Stephen C. Bannister, Piero Poli, & Rachel E. Abercrombie

Published December 13, 2017, SCEC Contribution #8112

We develop an approach to calculate earthquake source directivity and rupture velocity for small earthquakes, using the whole source time function rather than just an estimate of the duration. We apply the method to an aftershock sequence within the subducting plate beneath North Island, New Zealand, and investigate its resolution. We use closely located, highly correlated empirical Green's function (EGF) events to obtain source time functions (STFs) for this well‐recorded sequence. We stack the STFs from multiple EGFs at each station, to improve the stability of the STFs. Eleven earthquakes (M 3.3–4.5) have sufficient azimuthal coverage, and both P and S STFs, to investigate directivity. The time axis of each STF in turn is stretched to find the maximum correlation between all pairs of stations. We then invert for the orientation and rupture velocity of both unilateral and bilateral line sources that best match the observations. We determine whether they are distinguishable and investigate the effects of limited frequency bandwidth. Rupture orientations are resolvable for eight earthquakes, seven of which are predominantly unilateral, and all are consistent with rupture on planes similar to the main shock fault plane. Purely unilateral rupture is rarely distinguishable from asymmetric bilateral rupture, despite a good station distribution. Synthetic testing shows that rupture velocity is the least well‐resolved parameter; estimates decrease with loss of high‐frequency energy, and measurements are best considered minimum values.
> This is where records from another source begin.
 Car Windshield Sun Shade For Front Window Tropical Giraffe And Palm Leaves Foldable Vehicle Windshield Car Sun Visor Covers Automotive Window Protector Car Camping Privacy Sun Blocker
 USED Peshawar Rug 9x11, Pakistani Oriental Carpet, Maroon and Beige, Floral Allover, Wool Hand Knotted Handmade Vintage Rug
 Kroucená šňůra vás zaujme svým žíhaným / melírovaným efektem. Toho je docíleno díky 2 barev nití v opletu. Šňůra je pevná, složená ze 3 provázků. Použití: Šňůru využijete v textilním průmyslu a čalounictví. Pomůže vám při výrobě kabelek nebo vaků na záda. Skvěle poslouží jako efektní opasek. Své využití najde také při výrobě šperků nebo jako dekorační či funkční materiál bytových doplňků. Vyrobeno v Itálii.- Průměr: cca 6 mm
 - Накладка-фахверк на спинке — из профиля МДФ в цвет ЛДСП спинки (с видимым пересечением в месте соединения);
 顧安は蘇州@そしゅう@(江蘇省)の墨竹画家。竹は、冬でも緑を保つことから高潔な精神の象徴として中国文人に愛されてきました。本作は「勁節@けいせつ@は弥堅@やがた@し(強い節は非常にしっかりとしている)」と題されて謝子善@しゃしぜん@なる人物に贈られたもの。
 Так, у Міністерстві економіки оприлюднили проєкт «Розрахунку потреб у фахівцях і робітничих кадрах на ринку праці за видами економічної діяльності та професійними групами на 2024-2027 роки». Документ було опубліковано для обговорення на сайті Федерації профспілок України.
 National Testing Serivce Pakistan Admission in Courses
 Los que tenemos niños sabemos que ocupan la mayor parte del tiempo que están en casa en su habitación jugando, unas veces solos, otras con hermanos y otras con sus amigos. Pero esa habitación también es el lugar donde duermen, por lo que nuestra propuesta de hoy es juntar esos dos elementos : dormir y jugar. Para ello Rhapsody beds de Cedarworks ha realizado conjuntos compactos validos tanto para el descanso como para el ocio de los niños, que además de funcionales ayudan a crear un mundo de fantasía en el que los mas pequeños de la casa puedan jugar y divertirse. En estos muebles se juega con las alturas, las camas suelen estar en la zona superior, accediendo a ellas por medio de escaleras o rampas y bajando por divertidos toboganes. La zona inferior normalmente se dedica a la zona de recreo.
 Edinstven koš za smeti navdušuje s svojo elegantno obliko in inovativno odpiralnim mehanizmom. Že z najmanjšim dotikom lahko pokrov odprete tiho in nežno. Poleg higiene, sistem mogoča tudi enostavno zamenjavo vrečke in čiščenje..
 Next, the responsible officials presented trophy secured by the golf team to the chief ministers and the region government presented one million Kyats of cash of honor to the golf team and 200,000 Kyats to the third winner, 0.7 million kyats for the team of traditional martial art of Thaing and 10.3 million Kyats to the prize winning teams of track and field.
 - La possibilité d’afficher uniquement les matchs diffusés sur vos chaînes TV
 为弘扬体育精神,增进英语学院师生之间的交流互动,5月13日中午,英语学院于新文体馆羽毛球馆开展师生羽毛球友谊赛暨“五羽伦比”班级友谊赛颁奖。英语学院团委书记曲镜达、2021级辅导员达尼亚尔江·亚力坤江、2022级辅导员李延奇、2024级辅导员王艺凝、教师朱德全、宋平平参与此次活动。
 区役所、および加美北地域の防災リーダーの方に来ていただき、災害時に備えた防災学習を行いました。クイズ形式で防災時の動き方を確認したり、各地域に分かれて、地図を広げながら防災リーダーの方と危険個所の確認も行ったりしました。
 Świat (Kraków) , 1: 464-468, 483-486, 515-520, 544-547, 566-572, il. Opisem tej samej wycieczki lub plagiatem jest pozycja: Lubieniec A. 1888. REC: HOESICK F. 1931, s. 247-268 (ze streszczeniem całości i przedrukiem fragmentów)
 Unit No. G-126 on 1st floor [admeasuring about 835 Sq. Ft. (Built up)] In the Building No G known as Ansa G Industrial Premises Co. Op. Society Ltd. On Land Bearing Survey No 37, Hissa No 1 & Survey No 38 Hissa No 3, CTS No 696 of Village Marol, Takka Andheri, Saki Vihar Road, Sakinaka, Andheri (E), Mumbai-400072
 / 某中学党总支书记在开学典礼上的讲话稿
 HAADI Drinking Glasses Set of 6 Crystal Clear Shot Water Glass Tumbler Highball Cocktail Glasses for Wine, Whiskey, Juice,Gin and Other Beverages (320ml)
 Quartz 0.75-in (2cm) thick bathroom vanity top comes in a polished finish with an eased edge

We see no correlation between rupture velocity and stress drop, and spatial stress drop variation cannot be explained as an artifact of varying rupture velocity.

Citation
Bannister, S. C., Poli, P., & Abercrombie, R. E. (2017). Earthquake Directivity, Orientation, and Stress Drop Within the Subducting Plate at the Hikurangi Margin, New Zealand. Journal of Geophysical Research: Solid Earth, 122(12), 10,176-10,188. doi: 10.1002/2017JB014935 .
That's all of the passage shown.